We had sat ourselves down, each with a small cup of sweet coffee before us on a long rough-wood trestle table, along whose centre stood a row of small potted cacti and succulents. The table surface appeared as if a metaphor for the political divide, the UN demilitarised Buffer Zone, in which we were now sitting. J had his back to the road and faced a building he knew well, having photographed in the area over a six-year period between 1998 and 2004. When he last saw it, however, it was an abandoned and dilapidated ruin, and only the roof area was used to situate a UN observation post. A solitary sign on the building’s façade had once announced that at some past time the building had housed a T-shirt printing shop. That sign has now gone and the building, part of a programme of regeneration and transformation along the road, has become the Home for Cooperation between the two divided communities. Whether we coffee drinkers were drinking Cypriot, Greek or Turkish coffee was a moot point.[1] A few groups of people and one other individual, like ourselves, now sat at the various tables to meet, talk or simply to absorb the last of the late afternoon sun: chatting or waiting as the day slipped towards that still moment after sunset and before the maqam ordered refrain of the maghrib azan sounded across the city.

 

Up to 2003 this border crossing had been the only permitted route between the North and the South and, at that time, stopping to spend time or to rest was not really a comfortable option. This short stretch of road, some 200 or so metres between the South and North Cyprus border control points, was one strictly for passage and movement. The sights – could one call them that? – on either side were things to be stolen furtively in a kind of guilty glance. This state, seemingly and for some time, had changed. Stopping or pausing was now a possibility.
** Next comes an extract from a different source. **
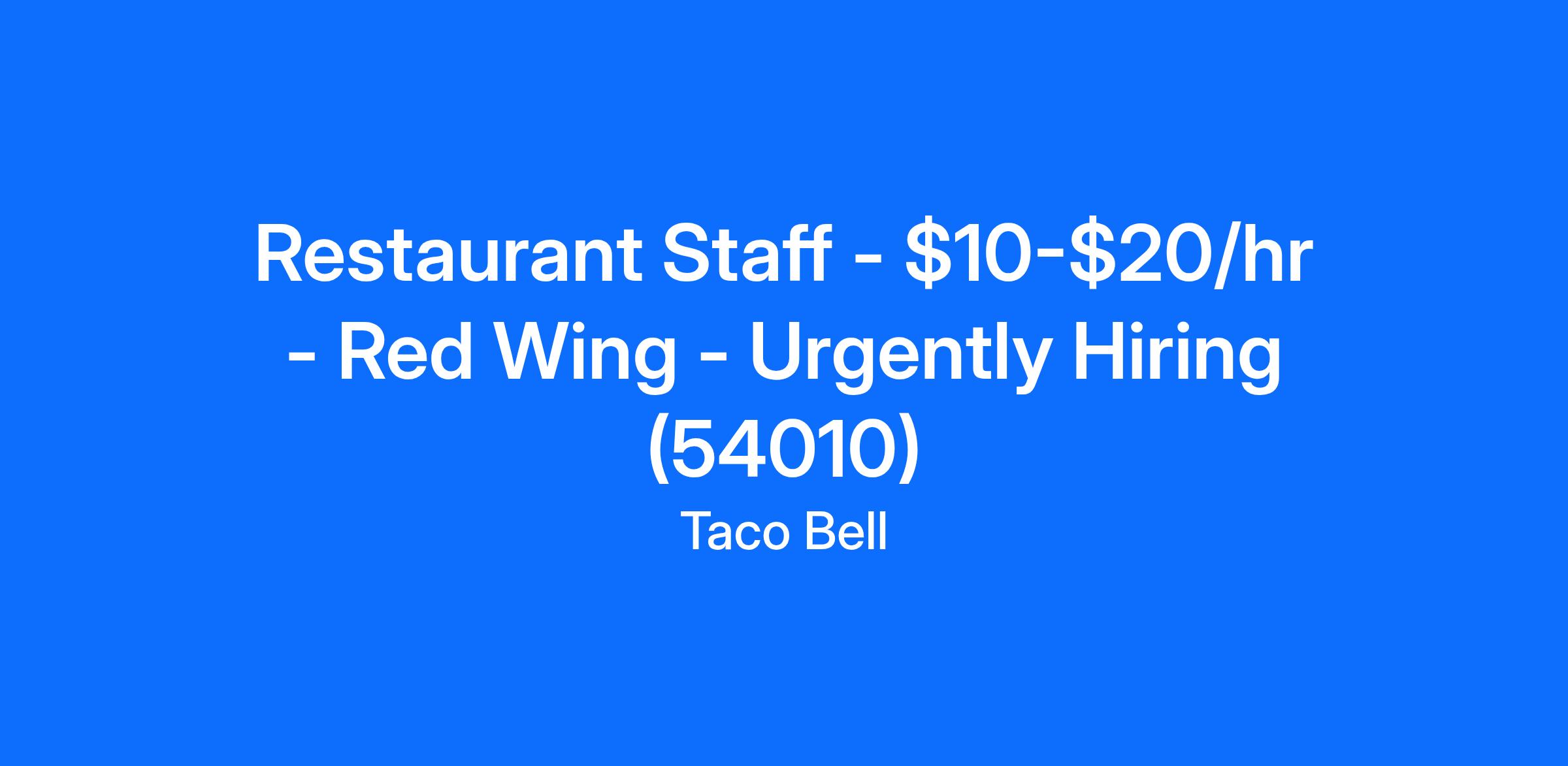 Restaurant Staff - $10-$20/hr - Red Wing - Urgently Hiring (54010)

Sitting and facing east, as J was, the Buffer Zone stretched out of sight behind the Home for Cooperation, down a slope freely colonized by wild and cultivated plants, among them the tall flower stems of the Agave, introduced from Mexico in 1640.[2] The view extended onto and across a flat, barren stretch of land (a dry moat) until it reached the antiballistic ramparts, built when the Venetians occupied Cyprus in the C16th, and then into Nicosia’s old Armenian quarter of Arabahmet. Behind him, roughly to the west, and stretching almost the whole way between the Turkish and Greek Cypriot checkpoints, stood the imposing bulk of the Ledra Palace. It was still partly hidden at the ground floor level behind long sheets of the semi-opaque dark green fabric that may be found along many other stretches of the Buffer Zone. The Palace, formerly a hotel designed by the German Jewish architect Benjamin Günsberg, built between 1947-1949 had become, since 1974, the barrack building for the UN troops of Sector 2. After 40 years, the marks of bullets and shrapnel still scar its walls. Its once extensive gardens, with swimming pool, tennis court and crazy golf course, lie within the dominion of the UN authorities. Occasional snatches of music coming from within the building drifted, through one or other of the Palace’s many windows, down to us at the café.

 

At the time of J’s last visit here in 2004, the other remaining buildings and the gardens that lined the eastern side of the Ledra Palace crossing – decaying relics screened behind more than 30 years of encroaching vegetation, the merest shells of buildings folded within small but growing wildernesses – had now been drawn back from their state of abstraction and had been tidied up, not restored, but consolidated and cleansed. The evidence of conflict or post-conflict, the loopholes, sandbags (many made from coffee-bean sacks), the barbed and razor wire had all but gone. The area had been made palatable to the eye and a certain, if unreal, aspect prevailed along the short stretch of road, suspended as it still is between the two checkpoints and beside the designated UN Exchange Point.

 

The overarching stillness, along with the hushed, private conversations of our fellow coffee drinkers – their intakes of liquid, their breaths, occasional muted words and the slow unfolding silences – seemed wholly appropriate both to the locality and the time of day. Yet, what had formerly been a thriving international hotel and thoroughfare, then a forty-year-long unhealed wound, an urban green (line) wilderness, was again beginning to stir to winds that emanate – eddy too – around humans, their everyday interactions, and to history (to occidental history). The road, its environs – the localised wilderness and the decay – from which a larger world history may, at times, have seemed to have all but slipped, was becoming again subject to its wider influences and intrusions. 

 

 

[1] Many individuals have drawn this parallel between coffee, cultures and naming as a pointer to the superficiality of adversarial states of difference. In this instance we are thinking of sentiments made in the poem, ‘The Coffee’s Name’, by the Cypriot poet, Kyriakos Sorokkou, from his self-published book, The Muses and Other Poems (2015), 71.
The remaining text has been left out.